Lindley accused Regan of being inequitable and going against his own free-market policy by trying to dictate which financial institutions could sell money fund shares. Yet, he admitted that not many S&Ls are eager to get into the field.
The administration, Regan testified, supports a federal override of state prohibitions on due-on-sale clauses. This means that federally chartered S&Ls could demand payment of low-interest mortgages when a house is sold, even if there is a state law against it. The Senate bill would give the states several years to rescind the law; the administration would not.
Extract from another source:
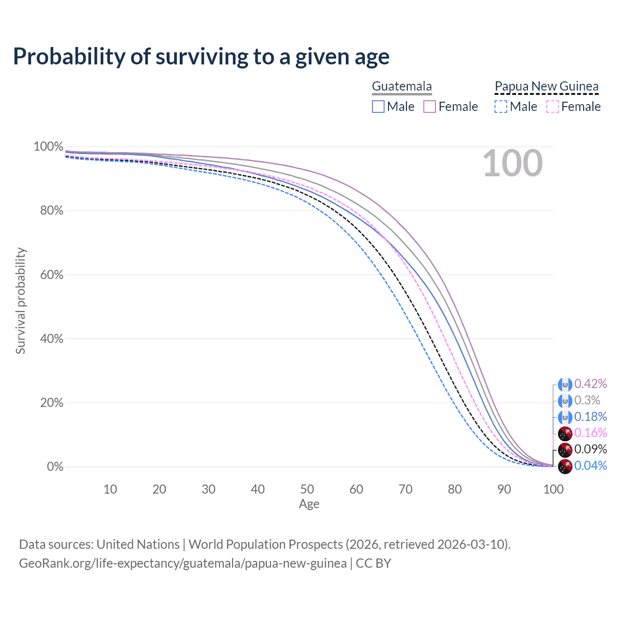 This life expectancy calculator shows the odds of living to 100, 95, 90, and below based on current age for both males and females in Guatemala and Papua New Guinea, along with mean and median age of death. The calculations are based on the 2026 life tables (actuarial tables) from the UN World Population Prospects.
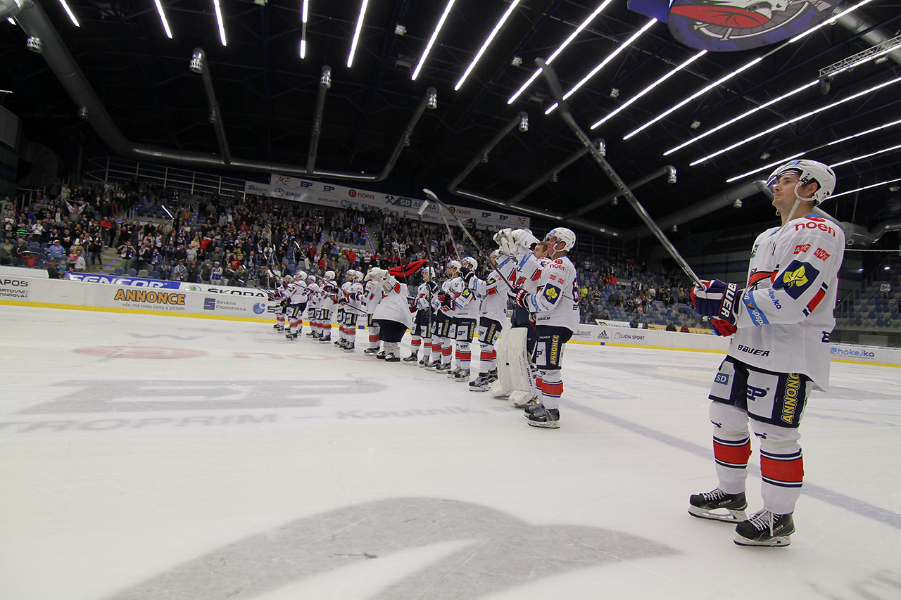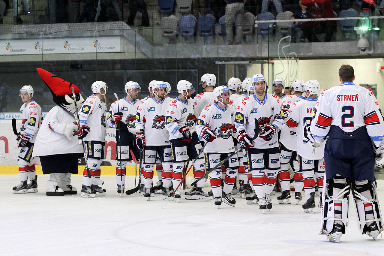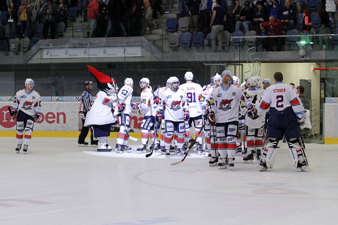 Miroslav Kopřiva se raduje ze čtvrté výhry Pirátů v řadě, což je novodobý chomutovský rekord v nejvyšší soutěži

The Financial Institutions Restructuring and Services Act of 1981 is the other side of the coin of the Depository Institutions Deregulatory and Monetary Control Act of 1980. Whereas last year's law freed banks' liabilities by allowing them to pay more interest on savings accounts, this year's legislation seeks to give them the additional asset or lending powers they need to balance their books. In the case of thrift institutions, these powers are considered essential to their very survival.
The 1980 act was many years in the making because of very controversial issues involved. Committee Chairman Jake Garn (R-Utah) yesterday predicted final action on the assets bill by the end of this year. Due to the gravity of the S&Ls'situation, legislators decided to omit from the bill consideration of the thorny issues of interstate branching and revision of the Glass-Steagall Act, which separates commercial from investment banking.